Archive for November, 2007

WHAT THE???

Thursday, November 22nd, 2007

I was the one who came up with this whole stupid idea…but now that it’s happening..it’s like a curse that made my whole body feel numb. Though i sound like i really don’t care, inside my head there are flashes of the times we’ve been together. We actually get along well,very well indeed. We’re having so much fun together. Then things went blurry, i went dizzy over stuff,stuff about us. We were so close…close to the point that we don’t know where our boundaries lies, the feeling of overfamiliarity creep over me,i got used to things that we’re doing. Then i realized somethings wrong with "us". Yeah we are happy, we are okay, we’re not having arguments very so often but then it hits me, it doesn’t mean that if we stay that way it’s healthy for both of us. I feel the need to grow. We both need to grow, individually and together as well. For now, i guess we need to track things back from where it was. I just hope it’ll work.

takte.hirap nito!

Friday, November 16th, 2007

so confused..why do such feelings come over me??why do i have to bring back the past and reminisce good old times just to find myself alone and weeping…i guess i ‘ll have to spend the night with this song:

I’m missing your bed I never sleep

Avoiding the spots where we’d have to speak,

And this bottle of beast Is taking me home

I’m cuddling close To blankets and sheets

But you’re not alone, and you’re not discreet

Make sure I know who’s taking you home.

I’m reading your note over again

There’s not a word that I comprehend,

Except when you signed it "I will love you always and forever."

Well As for now I’m gonna hear the saddest songs

And sit alone and wonder How you’re making out

But as for me, I wish that I were anywhere with anyone Making out.

I’m missing your laugh How did it break?

And when did your eyes begin to look fake?

I hope you’re as happy as you ‘re pretending.

I am alone In my defeat I wish I knew you were safely at home

I’m missing your bed I never sleep

Avoiding the spots where we’d have speak,

and This bottle of beast is taking me home.

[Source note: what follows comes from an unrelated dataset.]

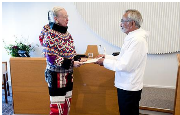
Saamerlerniit: Ataqqinartorsuaq Dronning Margrethe II aamma taamanikkut Inatsisartuni Siulittaasusoq Josef Motzfeldt Namminersorneq pillugu inatsisip tunniunneqarnerani

Tunngaviatigut oqaasertanut siunnersuut 2.b+ ajornanngitsumik oqaasertanut siunnersuut 2.a-mut aamma 2.a+-imut ataqatigiissinneqarsinnaavoq.

Your hair, it’s everywhere. Screaming infidelitie

s And taking its wear.

i-ate-like-a-construction-worker!!

Sunday, November 11th, 2007


Sunday!!!
my favorite day with my favorite things…hmmn…to start it with, don’t need to get up so early in the morning.
what else?? of course on top of spaghetti,,all over with cheese…does
it ring a bell??yep! i had a blockbuster lunch, a big platter of
spaghetti! ooopss…i must be forgetting something…what comes along
with spag??of course PIZZA!!
hahaha.. do i sound like a bloated mascot?? who can gobble up the whole
pizza! to complete my i-eat-like-a-construction-worker lunch there
should be a very evil drink which usually gives me pain but i really
can’t do with out it…the sinful drink..what
else???coke..well you might find it usual but beyond every slurp and
bite on my pizza…i find the simpliest joy i ever long for…other
things which can make me happy may come another day, but for this
certain sunday atleast i can say…i ate my heart out!